Write out exactly, and only, the lines below from the line with "Glueless Wigs Ready" through the line with "The chargers will"; pictures do not belong in the copy.
⁂
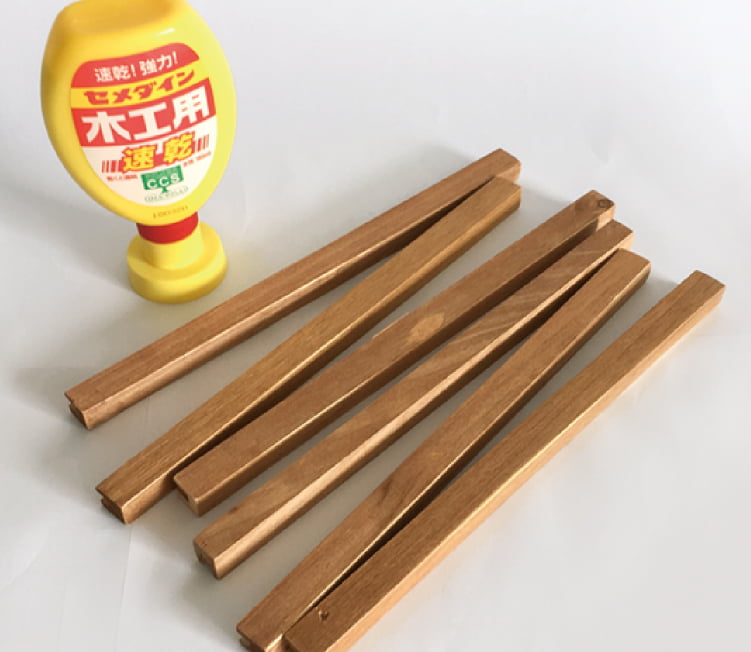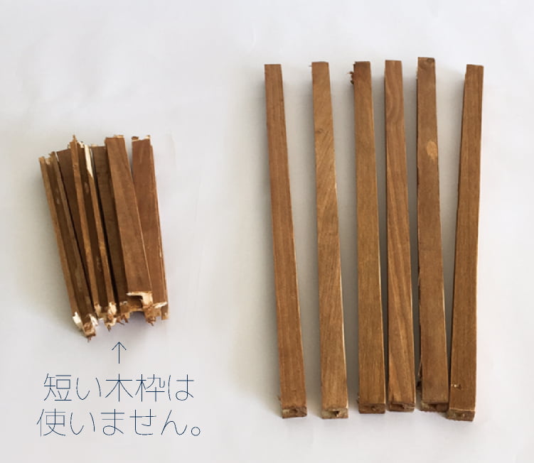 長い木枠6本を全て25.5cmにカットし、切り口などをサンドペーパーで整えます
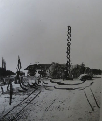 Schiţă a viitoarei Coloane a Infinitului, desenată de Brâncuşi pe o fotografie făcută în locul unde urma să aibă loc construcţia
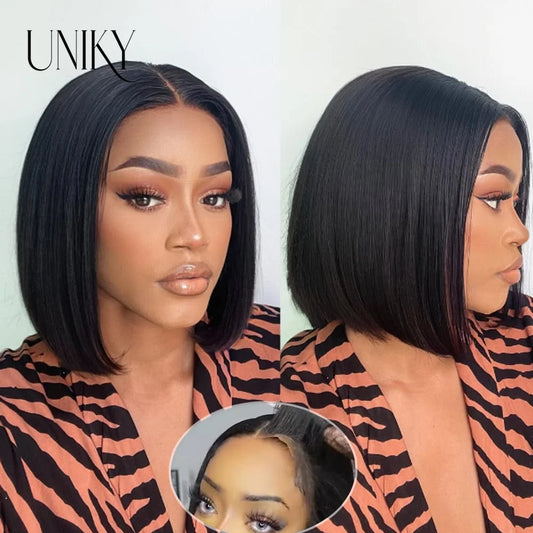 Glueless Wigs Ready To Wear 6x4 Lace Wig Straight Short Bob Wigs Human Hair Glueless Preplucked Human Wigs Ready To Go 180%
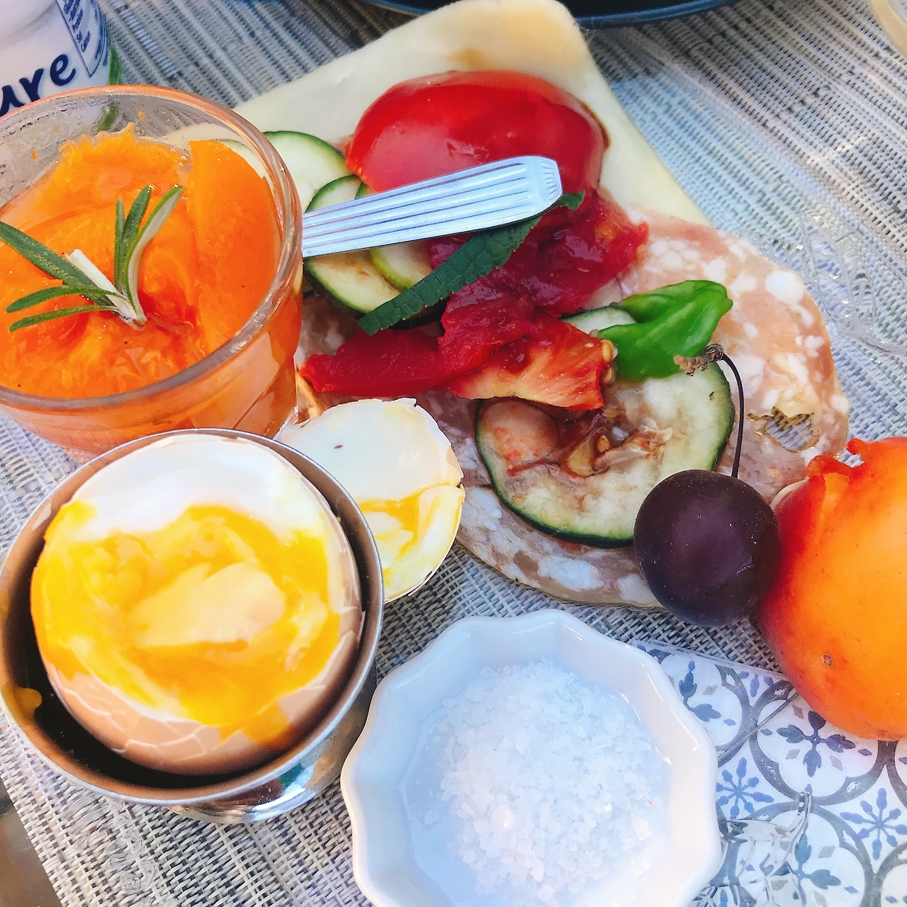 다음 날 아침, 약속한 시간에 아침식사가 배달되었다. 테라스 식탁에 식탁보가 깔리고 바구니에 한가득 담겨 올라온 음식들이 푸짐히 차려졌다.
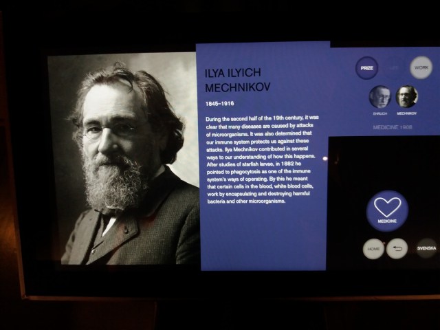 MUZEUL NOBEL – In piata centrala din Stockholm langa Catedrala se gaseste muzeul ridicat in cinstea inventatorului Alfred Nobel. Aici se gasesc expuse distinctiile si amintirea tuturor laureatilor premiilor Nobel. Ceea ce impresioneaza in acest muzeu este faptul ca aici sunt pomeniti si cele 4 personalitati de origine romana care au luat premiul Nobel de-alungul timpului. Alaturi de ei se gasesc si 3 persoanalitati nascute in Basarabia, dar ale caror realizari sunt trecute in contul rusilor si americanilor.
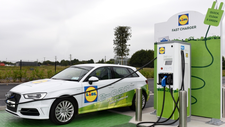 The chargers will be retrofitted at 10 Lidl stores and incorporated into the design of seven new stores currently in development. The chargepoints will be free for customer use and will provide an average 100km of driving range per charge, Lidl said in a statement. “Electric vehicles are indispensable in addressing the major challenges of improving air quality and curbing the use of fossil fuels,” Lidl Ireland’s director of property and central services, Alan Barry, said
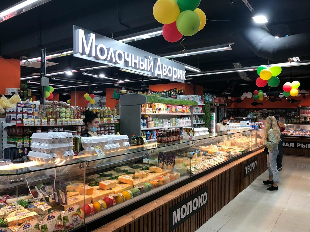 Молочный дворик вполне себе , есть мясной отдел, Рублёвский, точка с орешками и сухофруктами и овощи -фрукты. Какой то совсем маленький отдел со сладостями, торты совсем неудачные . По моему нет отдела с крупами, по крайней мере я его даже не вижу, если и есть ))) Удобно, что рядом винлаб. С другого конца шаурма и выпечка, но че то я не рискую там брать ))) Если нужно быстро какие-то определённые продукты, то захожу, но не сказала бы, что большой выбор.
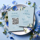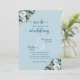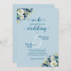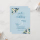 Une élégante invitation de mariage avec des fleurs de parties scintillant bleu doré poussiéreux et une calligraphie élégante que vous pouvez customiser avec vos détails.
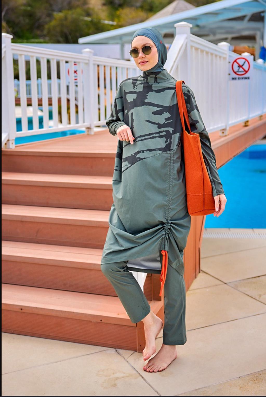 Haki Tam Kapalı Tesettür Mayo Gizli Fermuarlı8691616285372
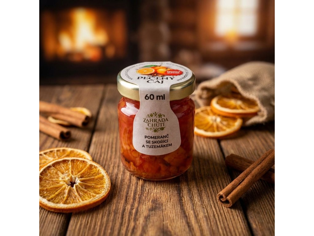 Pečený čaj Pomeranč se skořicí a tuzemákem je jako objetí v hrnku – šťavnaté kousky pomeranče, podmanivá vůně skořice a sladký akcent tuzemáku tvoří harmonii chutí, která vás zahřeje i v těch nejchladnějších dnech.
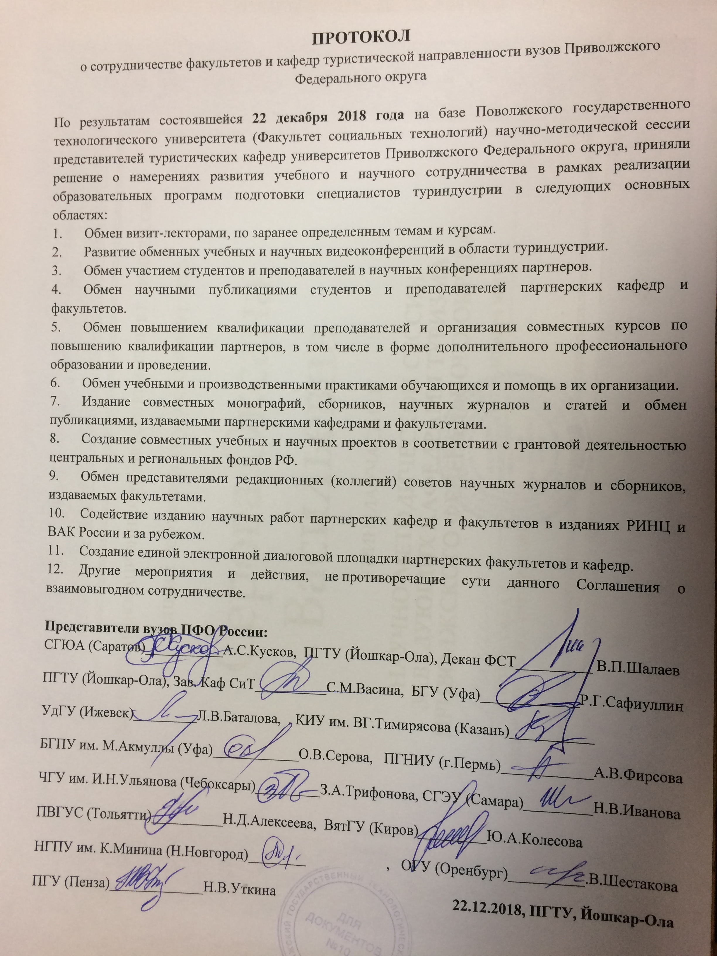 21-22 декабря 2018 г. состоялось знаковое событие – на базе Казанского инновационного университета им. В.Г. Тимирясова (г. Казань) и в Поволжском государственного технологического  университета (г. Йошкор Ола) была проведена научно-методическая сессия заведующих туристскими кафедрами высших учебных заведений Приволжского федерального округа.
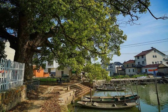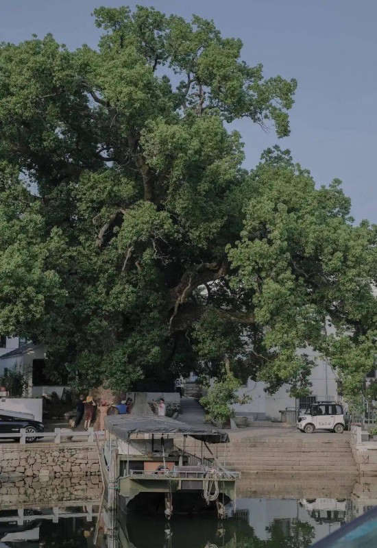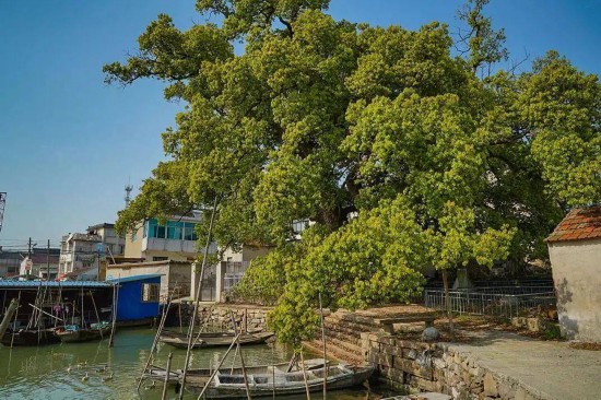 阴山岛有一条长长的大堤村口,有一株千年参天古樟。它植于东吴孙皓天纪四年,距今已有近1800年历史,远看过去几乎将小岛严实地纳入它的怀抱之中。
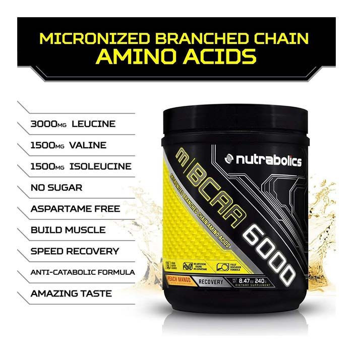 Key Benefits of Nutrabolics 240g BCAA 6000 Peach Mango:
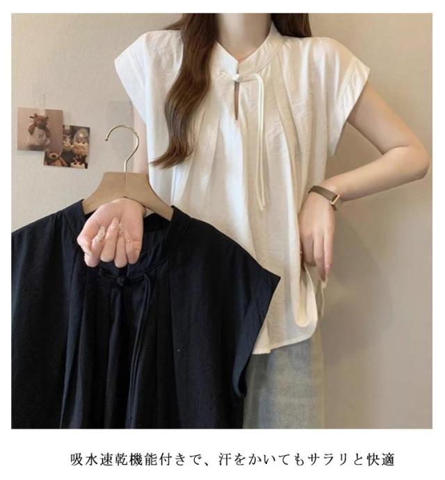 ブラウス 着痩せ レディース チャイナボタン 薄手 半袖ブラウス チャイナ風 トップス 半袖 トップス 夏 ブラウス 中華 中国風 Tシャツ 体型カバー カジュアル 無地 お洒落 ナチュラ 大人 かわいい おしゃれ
⁂
[Response to the task]
 Glueless Wigs Ready To Wear 6x4 Lace Wig Straight Short Bob Wigs Human Hair Glueless Preplucked Human Wigs Ready To Go 180%
 다음 날 아침, 약속한 시간에 아침식사가 배달되었다. 테라스 식탁에 식탁보가 깔리고 바구니에 한가득 담겨 올라온 음식들이 푸짐히 차려졌다.
 MUZEUL NOBEL – In piata centrala din Stockholm langa Catedrala se gaseste muzeul ridicat in cinstea inventatorului Alfred Nobel. Aici se gasesc expuse distinctiile si amintirea tuturor laureatilor premiilor Nobel. Ceea ce impresioneaza in acest muzeu este faptul ca aici sunt pomeniti si cele 4 personalitati de origine romana care au luat premiul Nobel de-alungul timpului. Alaturi de ei se gasesc si 3 persoanalitati nascute in Basarabia, dar ale caror realizari sunt trecute in contul rusilor si americanilor.
 The chargers will be retrofitted at 10 Lidl stores and incorporated into the design of seven new stores currently in development. The chargepoints will be free for customer use and will provide an average 100km of driving range per charge, Lidl said in a statement. “Electric vehicles are indispensable in addressing the major challenges of improving air quality and curbing the use of fossil fuels,” Lidl Ireland’s director of property and central services, Alan Barry, said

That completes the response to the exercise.